> Information provided
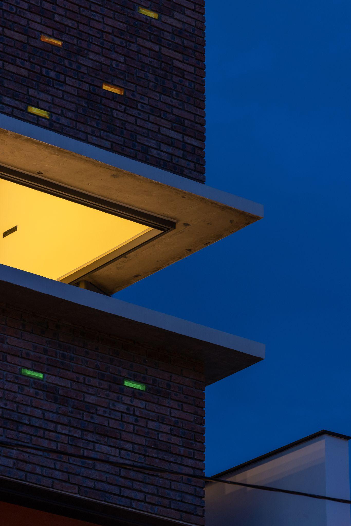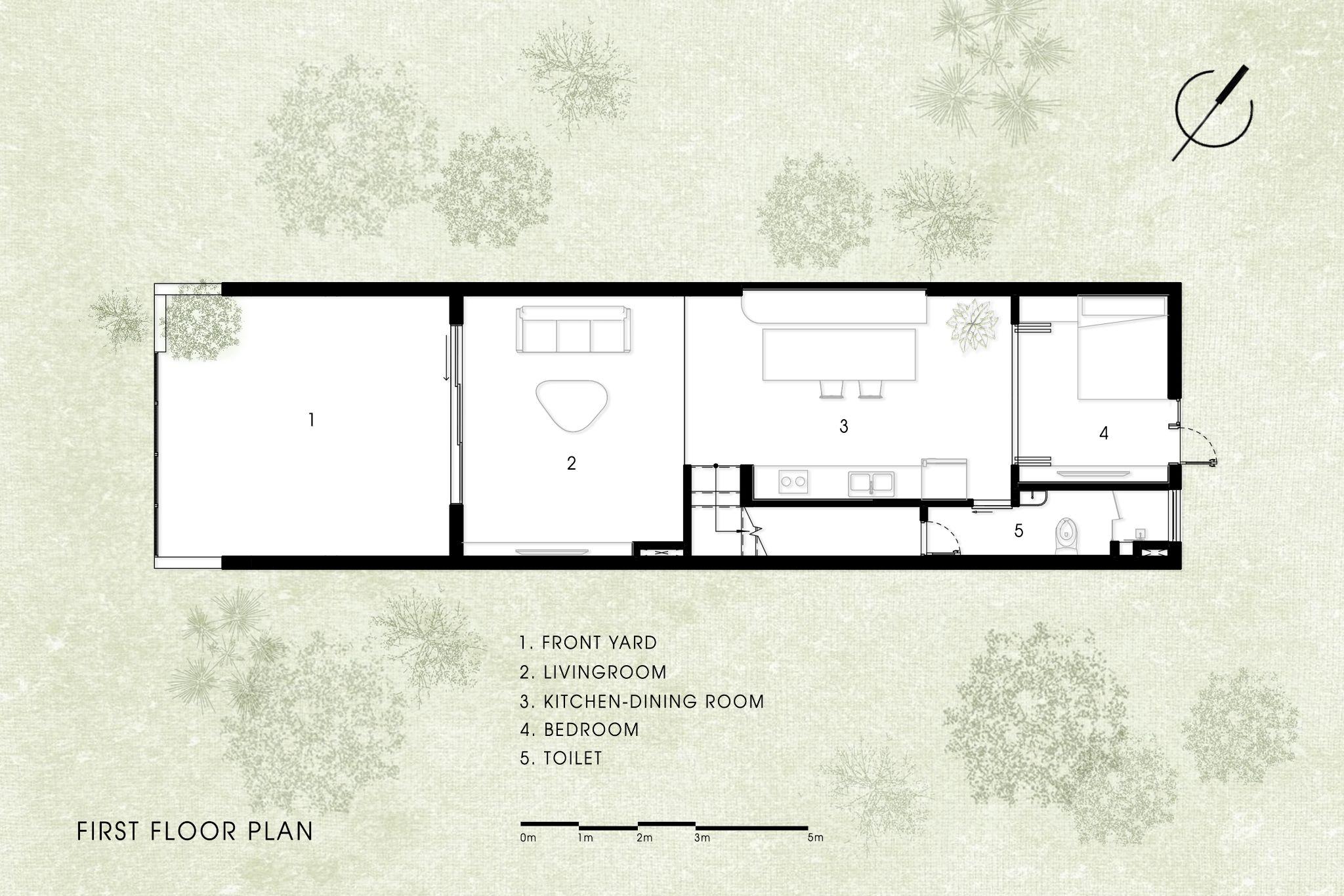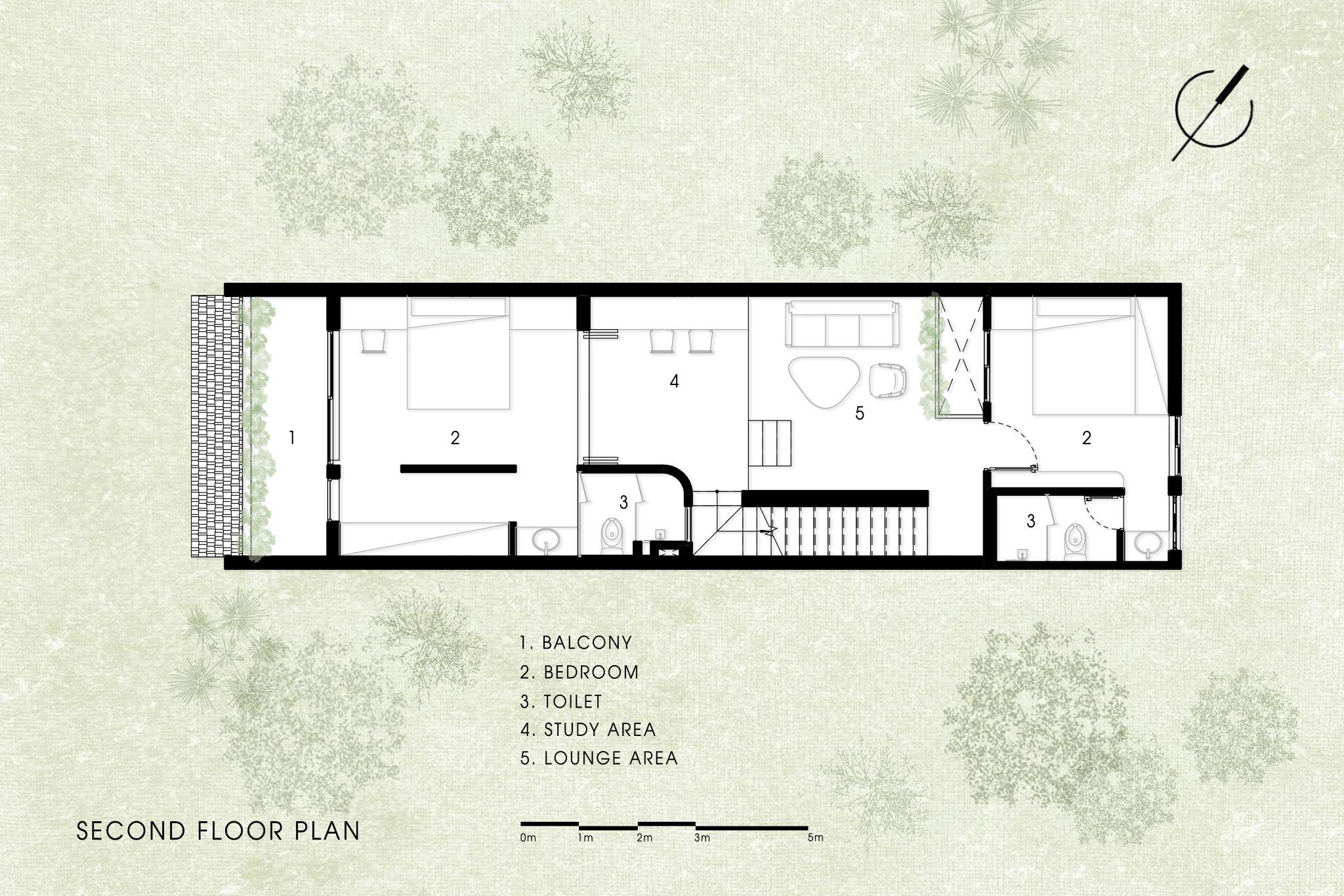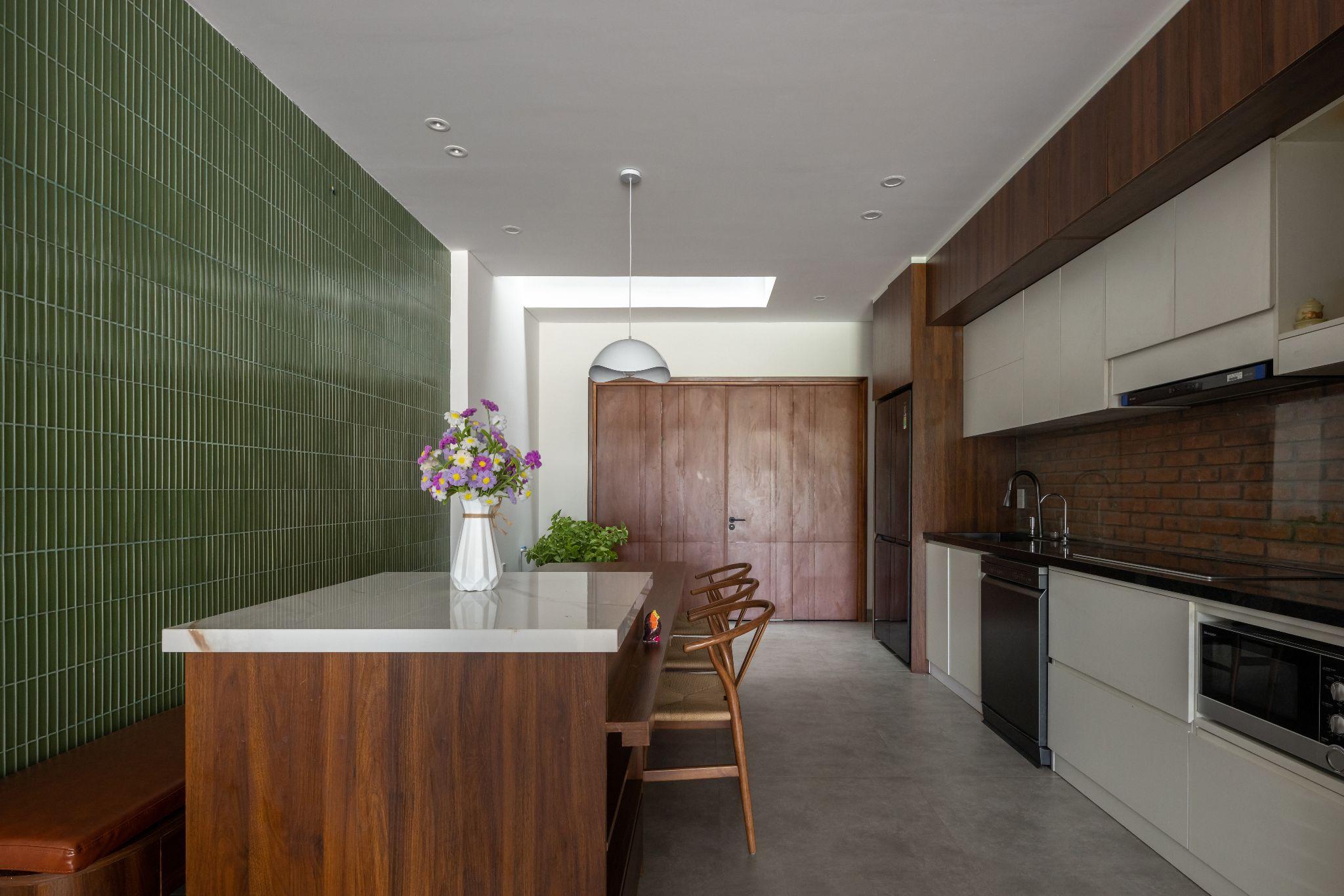 Theo đó, khối nhà ba tầng được cấu trúc bằng sự hòa trộn vật liệu địa phương: gạch đất nung làm chủ đạo cho mặt tiền và vách cầu thang; gạch kính màu được bố trí ngẫu hứng khắp ngôi nhà; mái ngói và gỗ cũ hơn 30 năm được tái sử dụng; trần bê tông thô mộc.
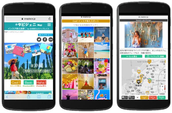 SNAPLACE(スナップレイス)ではインスタグラム等のSNS投稿を独自のシステムで分析し、SNS映え度合いが高いと想定される国内外の約6,000スポットを紹介する、日本最大級のSNS映え観光情報サイトSnaplace( https://snaplace.jp/ )を運営しています。そこで集まった大量のSNS映え分析データを活用し、SNSでフォロワーが増えやすい投稿のできる「沖縄のSNS映えフォトスポット」を合計100スポット以上あぶりだし、2017年12月7日にタビジェニMAP沖縄としてリリースしました。
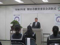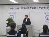 令和5年11月4日(土)、野田市教育委員会表彰が市役所で行われ、本校2年生の栁澤凪瑠さんが受賞されました。
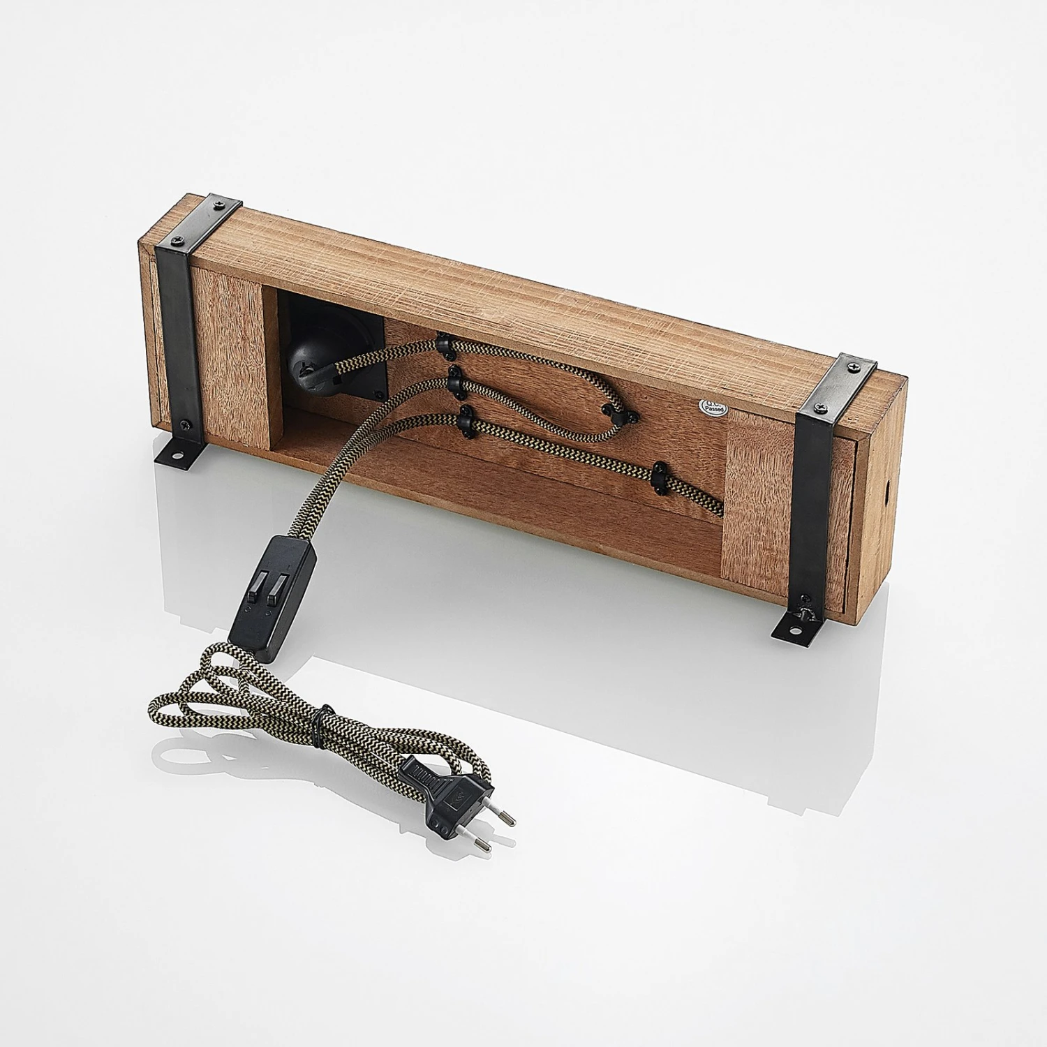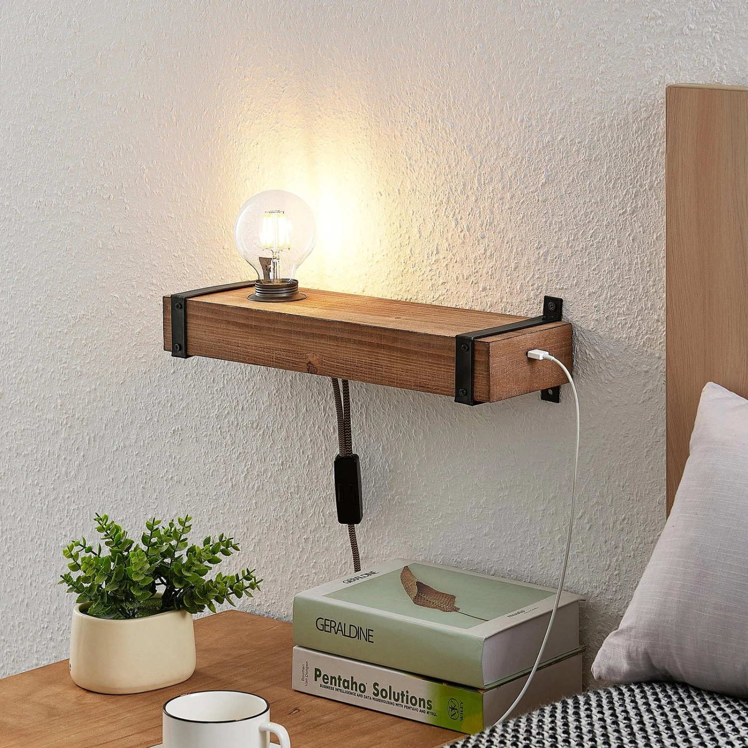 Wandleuchte Sverina aus Holz mit Kabel und Stecker und USB-Anschluss

> Problem to work on
Word for word, restate each line above, minus its pictures.

> Solution for this problem
 Theo đó, khối nhà ba tầng được cấu trúc bằng sự hòa trộn vật liệu địa phương: gạch đất nung làm chủ đạo cho mặt tiền và vách cầu thang; gạch kính màu được bố trí ngẫu hứng khắp ngôi nhà; mái ngói và gỗ cũ hơn 30 năm được tái sử dụng; trần bê tông thô mộc.
 SNAPLACE(スナップレイス)ではインスタグラム等のSNS投稿を独自のシステムで分析し、SNS映え度合いが高いと想定される国内外の約6,000スポットを紹介する、日本最大級のSNS映え観光情報サイトSnaplace( https://snaplace.jp/ )を運営しています。そこで集まった大量のSNS映え分析データを活用し、SNSでフォロワーが増えやすい投稿のできる「沖縄のSNS映えフォトスポット」を合計100スポット以上あぶりだし、2017年12月7日にタビジェニMAP沖縄としてリリースしました。
 令和5年11月4日(土)、野田市教育委員会表彰が市役所で行われ、本校2年生の栁澤凪瑠さんが受賞されました。
 Wandleuchte Sverina aus Holz mit Kabel und Stecker und USB-Anschluss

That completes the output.